# [What is required]
From the first entry to the last, copy everything exactly except the pictures.

# [Records supplied]
____

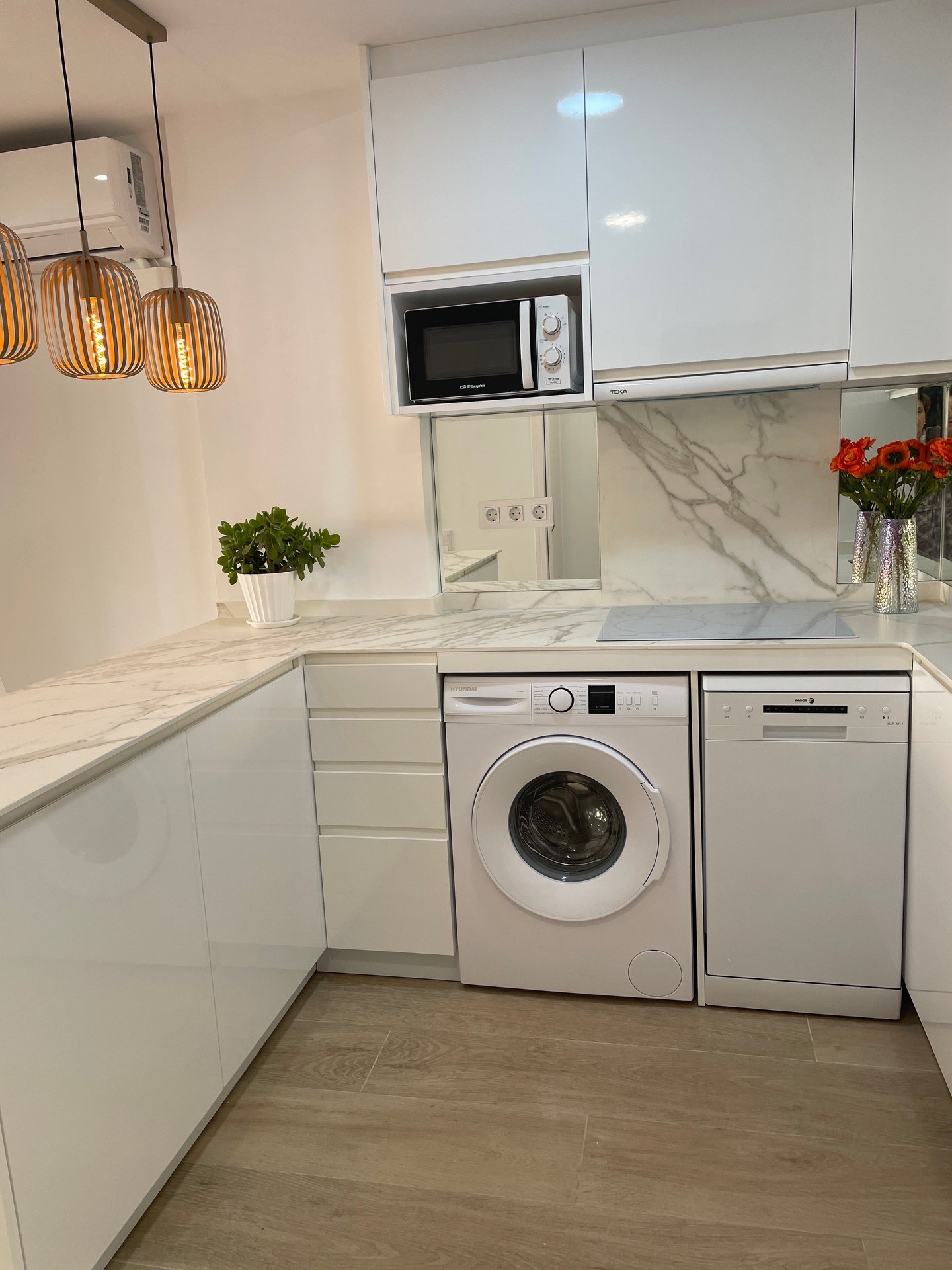 Cocina con todos los electrodomésticos: vitrocerámica, frigorífico, lavadora, microondas, exprimidor, cafetera, batidora, tostadora, batería, cubiertos, vajilla, etc. papel de cocina.
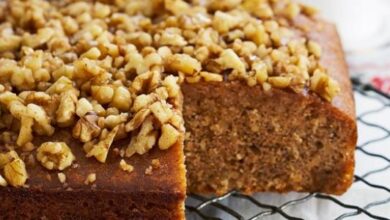 - أخرجي الصّينيّة من الفرن، واتركيها لمدّة عشر دقائق، ثمّ أخرجيها من الصّينيّة على رفٍّ شبكي. عندما تبرد الكيكة تماماً زيّنيها بأيّ تغليفة ترغبين بها، وقدّميها مع الشّاي.
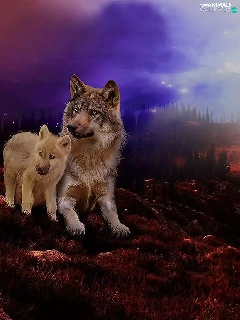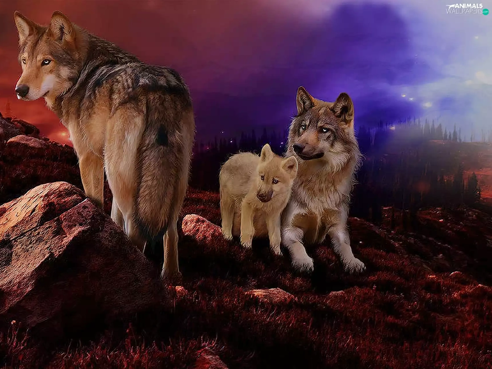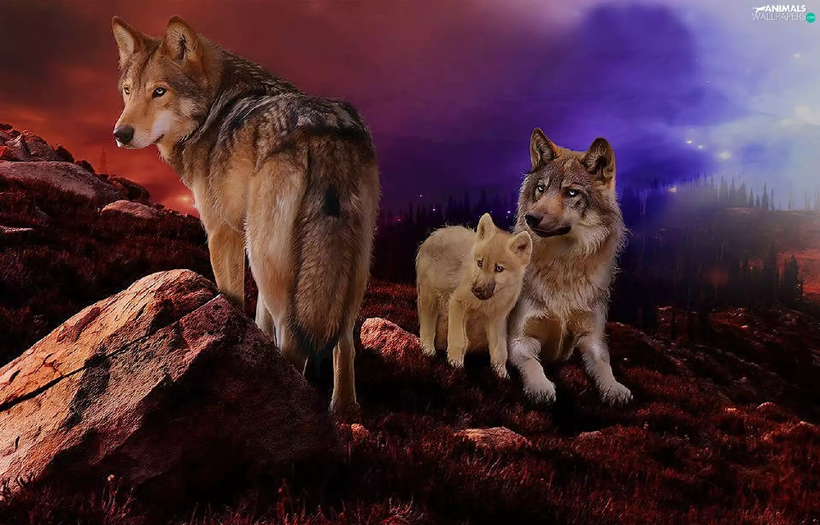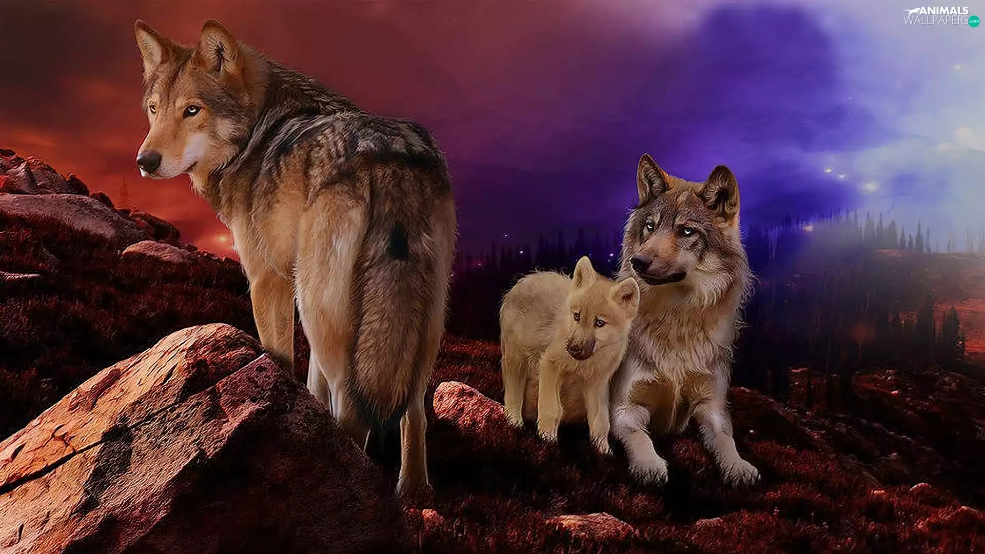 wolves, west, sun, rocks
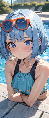 masterpiece, best quality, extremely detailed, anime, girl, ,bobcut,princess,two piece swimwear,blue hair,blue eyes,pool <lora:hime_style-1.0r8:1> <lora:noline:1> <lora:hairdetailer:1> <lora:sanDka1:1>,sunglasses
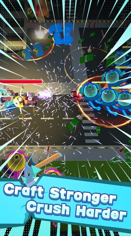 2、多样武器获取:摧毁建筑与敌人可获随机武器箱,内含近战刀片、激光炮等模块,丰富战斗手段提升破坏效率。
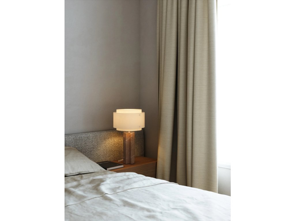 Ikonická stolová lampa Takai od štúdia Mavro//Lefèvre od Sofia Lefèvre je inšpirovaná architektonickým brutalizmom, ktorý sa zameriava na materiály, textúry a hmat. Masívny podstavec z hnedého mramoru má zaujímavý tvar, ktorý bez námahy nesie ľahké látkové tienidlo. Takai je krásny výrazný kus, ktorý nabáda k pohľadu z mnohých rôznych uhlov. Kombinácia hnedého mramoru, ľanového plátna a leštenej mosadze vytvára veľmi jemný a hrejivý dizajnový jazyk. Žiarovka E27 nie je súčasťou balenia. Mramor je jedinečný prírodný materiál, a preto sa línie, farby a vzory môžu u jednotlivých lámp líšiť. To je súčasťou kúzla práce s prírodnými materiálmi.
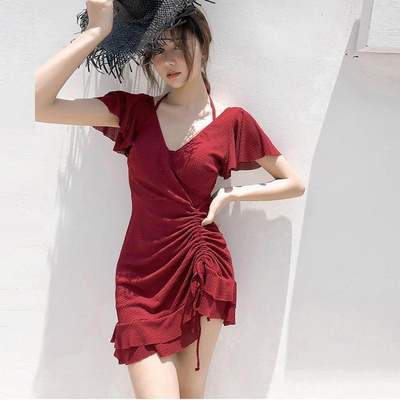 Áo tắm một mảnh kiểu váy mới bán chạy nhất giấu bụng, dáng mỏng, khoét cổ, màu trắng thời trang, đồ bơi hàn quốc suối nước nóng size lớn - Bộ đồ bơi One Piece
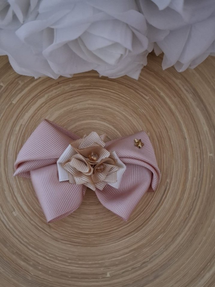 Pastel bej renkte, çiçek desenli fiyonk detaylı, modern klasik tarzda çocuk saç tokası.
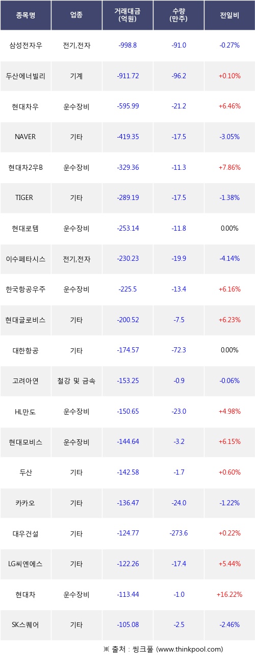 외국인 투자자의 순매도 상위 20개 종목은 삼성전자우, 두산에너빌리티, 현대차우, NAVER, 현대차2우B, TIGER 미국나스닥100, 현대로템, 이수페타시스, 한국항공우주, 현대글로비스등이다.
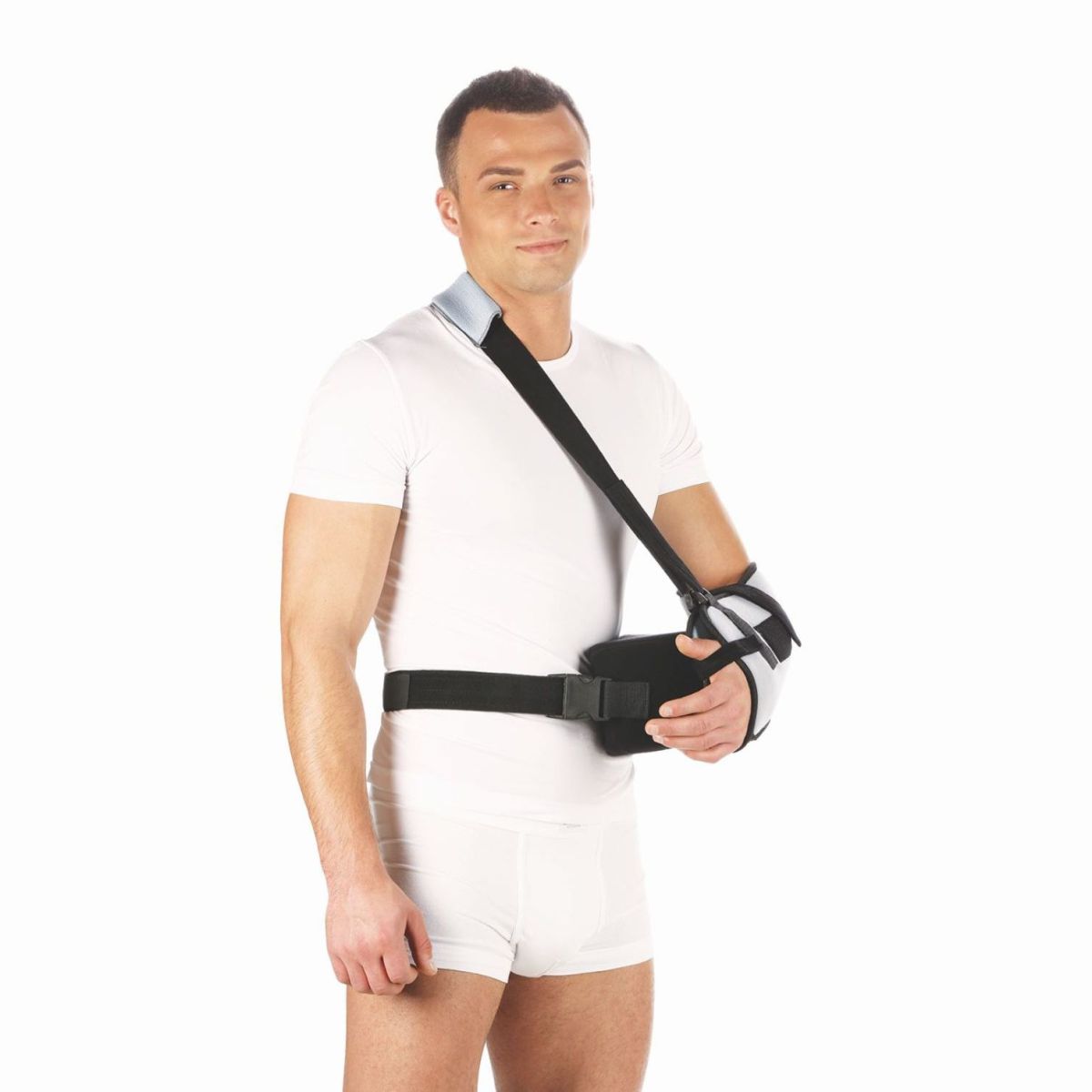Фиксирующий плечевой сустав бандаж с абдукционной подушкой обеспечивает фиксацию руки в необходимом положении с возможностью её отведения до 30 градусов. Продуманная конструкция бандажа обеспечивает практичность и лёгкость использования, а также способствует быстрейшей реабилитации и восстановлению после травм и оперативного вмешательства.

____

# [Written reply]
 Cocina con todos los electrodomésticos: vitrocerámica, frigorífico, lavadora, microondas, exprimidor, cafetera, batidora, tostadora, batería, cubiertos, vajilla, etc. papel de cocina.
 - أخرجي الصّينيّة من الفرن، واتركيها لمدّة عشر دقائق، ثمّ أخرجيها من الصّينيّة على رفٍّ شبكي. عندما تبرد الكيكة تماماً زيّنيها بأيّ تغليفة ترغبين بها، وقدّميها مع الشّاي.
 wolves, west, sun, rocks
 masterpiece, best quality, extremely detailed, anime, girl, ,bobcut,princess,two piece swimwear,blue hair,blue eyes,pool <lora:hime_style-1.0r8:1> <lora:noline:1> <lora:hairdetailer:1> <lora:sanDka1:1>,sunglasses
 2、多样武器获取:摧毁建筑与敌人可获随机武器箱,内含近战刀片、激光炮等模块,丰富战斗手段提升破坏效率。
 Ikonická stolová lampa Takai od štúdia Mavro//Lefèvre od Sofia Lefèvre je inšpirovaná architektonickým brutalizmom, ktorý sa zameriava na materiály, textúry a hmat. Masívny podstavec z hnedého mramoru má zaujímavý tvar, ktorý bez námahy nesie ľahké látkové tienidlo. Takai je krásny výrazný kus, ktorý nabáda k pohľadu z mnohých rôznych uhlov. Kombinácia hnedého mramoru, ľanového plátna a leštenej mosadze vytvára veľmi jemný a hrejivý dizajnový jazyk. Žiarovka E27 nie je súčasťou balenia. Mramor je jedinečný prírodný materiál, a preto sa línie, farby a vzory môžu u jednotlivých lámp líšiť. To je súčasťou kúzla práce s prírodnými materiálmi.
 Áo tắm một mảnh kiểu váy mới bán chạy nhất giấu bụng, dáng mỏng, khoét cổ, màu trắng thời trang, đồ bơi hàn quốc suối nước nóng size lớn - Bộ đồ bơi One Piece
 Pastel bej renkte, çiçek desenli fiyonk detaylı, modern klasik tarzda çocuk saç tokası.
 외국인 투자자의 순매도 상위 20개 종목은 삼성전자우, 두산에너빌리티, 현대차우, NAVER, 현대차2우B, TIGER 미국나스닥100, 현대로템, 이수페타시스, 한국항공우주, 현대글로비스등이다.
Фиксирующий плечевой сустав бандаж с абдукционной подушкой обеспечивает фиксацию руки в необходимом положении с возможностью её отведения до 30 градусов. Продуманная конструкция бандажа обеспечивает практичность и лёгкость использования, а также способствует быстрейшей реабилитации и восстановлению после травм и оперативного вмешательства.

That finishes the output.